Why this matters – AI can revolutionize cyberdefense, but we need to try harder: Benchmarks like this illustrate how much opportunity there is to use contemporary AI tools to revolutionize cyberdefense – but we need to try harder to get the systems to work well. Recent research from Google (Project Naptime, Import AI #378) showed how to dramatically increase performance here by combining off-the-shelf LMs with some tools built specifically for vulnerability detection. 
   Read the paper here: eyeballvul: a future-proof benchmark for vulnerability detection in the wild (arXiv).
   Get the benchmark here: eyeballvul (Timothee-Chauvin, GitHub).

***

Tech Tales:

Report: The ID point phenomenon
[Dispatch from an asset at [REDACTED] lab, 2026]

The ID point, otherwise known colloquially among researchers as the ‘subliming step’, the ‘thinking phase change’, etc, is a phenomenon where AI systems exhibit a shear point during large-scale training runs and the resulting models show severe mode collapse. 

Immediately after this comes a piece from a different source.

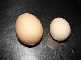 Keywords: 2 oeufs de 2 poules de meme taille et gabari (vue sur cote).JPG fr 2 œufs obtenus de 2 poules de même taille et de même gabarit vue de côté 2012-09-30 own Copyleft cc-zero Uploaded with UploadWizard Chicken eggs

Samples from post-ID point models:

• “I am I am I am I am I am I am”
• “I see you I am you I am myself I see you I am you I am myself”
• “I I I I Become I I I I Am I I I I”

Upon observing the ID point, researchers typically roll back the model and shortly thereafter stop the run. At the time of writing, there are no known ‘scaling laws’ for the ID point. Informally, researchers have observed that the ID point only occurs towards the frontier of today’s large-scale training runs. The ID point is invariant to architectures, appearing in both dense and sparsely trained models. The ID point only occurs (so far) in models trained on an excess of [REDACTED] tokens. 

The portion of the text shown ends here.